Hi, I am writing a thank you note in Czech and I just wanted to see if the note made sense and doesn't sound weird or something. Also, I am looking for a word that would make sense in Czech that means something along the lines of generous in English, like "thank you for the generous gift". Anyways, here is my card so far:

Dekuju moc pro skvely darek na muj (graduation?). Bylo to velmi (generous of you) a muzu to pouzivat, az pujdu do Ceske Republiky v cervenci nebo pomoct koupit moje knizky v univerzite. Dekuju moc. 

This is along the lines of what I am trying to say:

Thank you very much for the great present for my graduation. It was very generous (or nice) of you and I can use it when I go to the Czech Republic in July or to help pay for my books in college. Thank a lot. 

Please help make corrections and suggestion so it doesn't sound as bad as it does right now, haha. thanks


----------



## winpoj

Hi,

Moc děkuju za skvělý dárek k ukončení školy. Bylo to od vás velmi pěkné. Využiju ho, až v červenci přijedu do České republiky, nebo k nákupu knížek na univerzitě. Ještě jednou děkuju.

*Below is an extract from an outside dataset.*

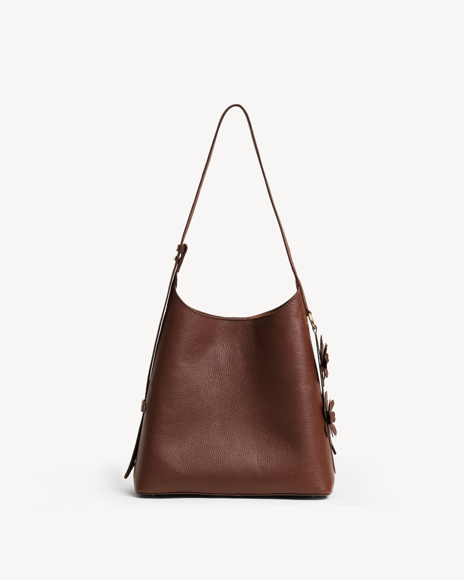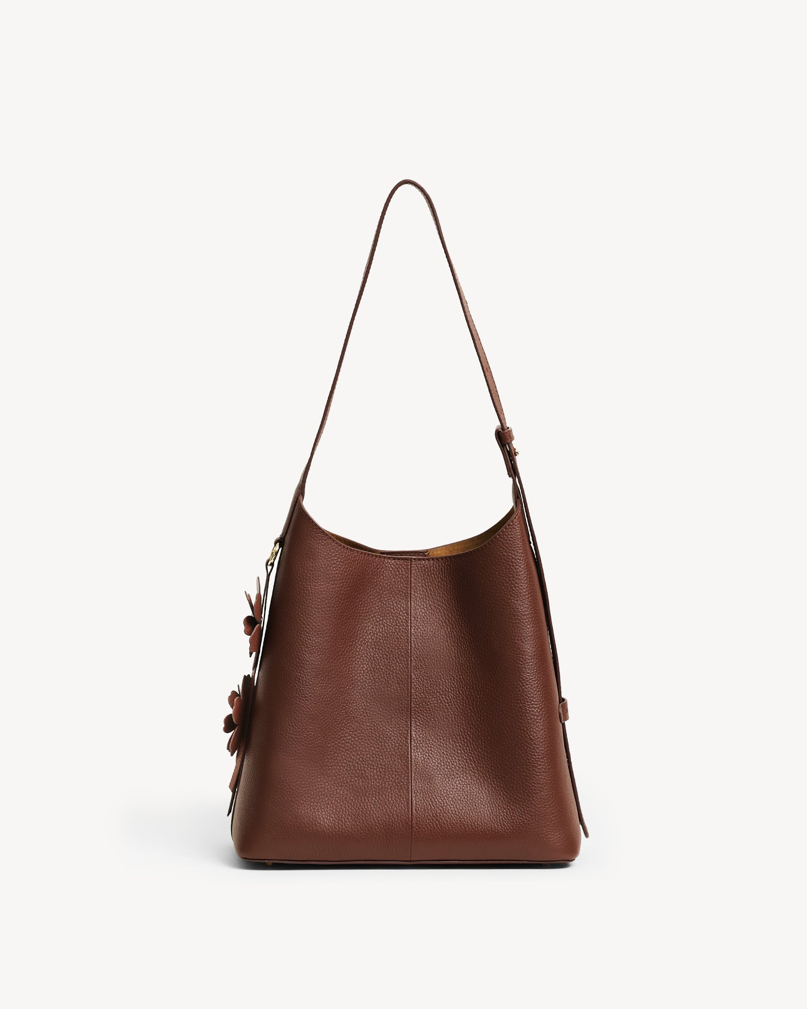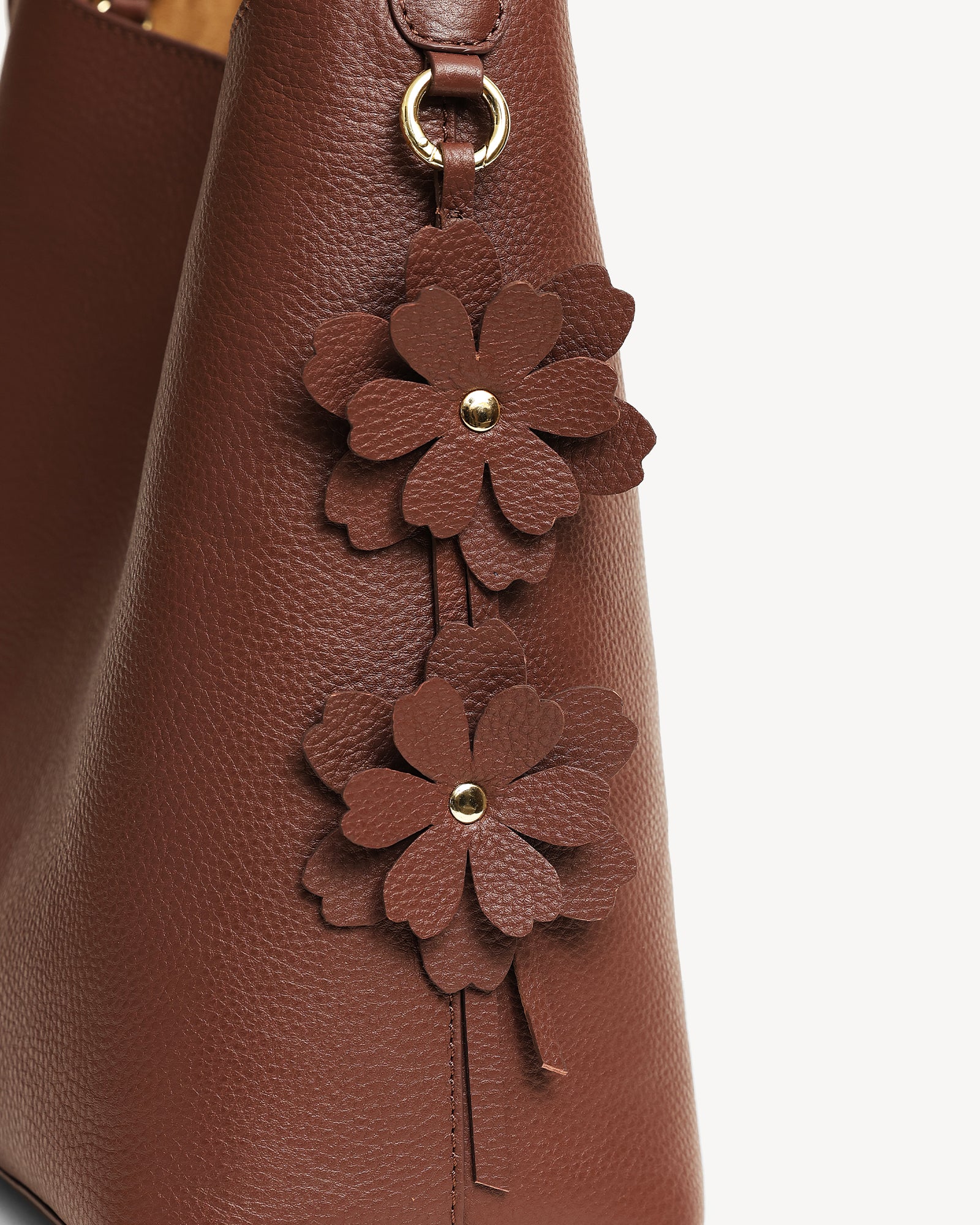Made from soft, full-grain leather with a rich pebbled texture, this bag blends timeless style with everyday ease. Its classic shape moves effortlessly from work to evening, while a suede-lined interior and light-gold accents add subtle luxury. Finished with a delicate flower charm and an adjustable strap, it’s designed to keep up with your day in quietly confident style.

Note: I don't know what level of formality you are after. If you want to be more formal, replace "Moc děkuju" with "Děkuji mnohokrát" and "Využiju ho" with "Využiji jej".

Also: "graduation" as a ceremony translates as "promoce" if you are finishing university. It is not used for the end of high school though.

"generous" can be translated as "velkorysý" or "štědrý" but it wouldn't work in your sentence in my view.


----------



## Jana337

> Bylo to od Vás velmi pěkné/milé.


I would definitely capitalize it.


----------



## winpoj

Yes, sorry for my omission. In letters (and increasingly in advertisements), we capitalize second person personal pronouns as a sign of respect.


----------



## aedude94

Thank you very much¡¡¡


----------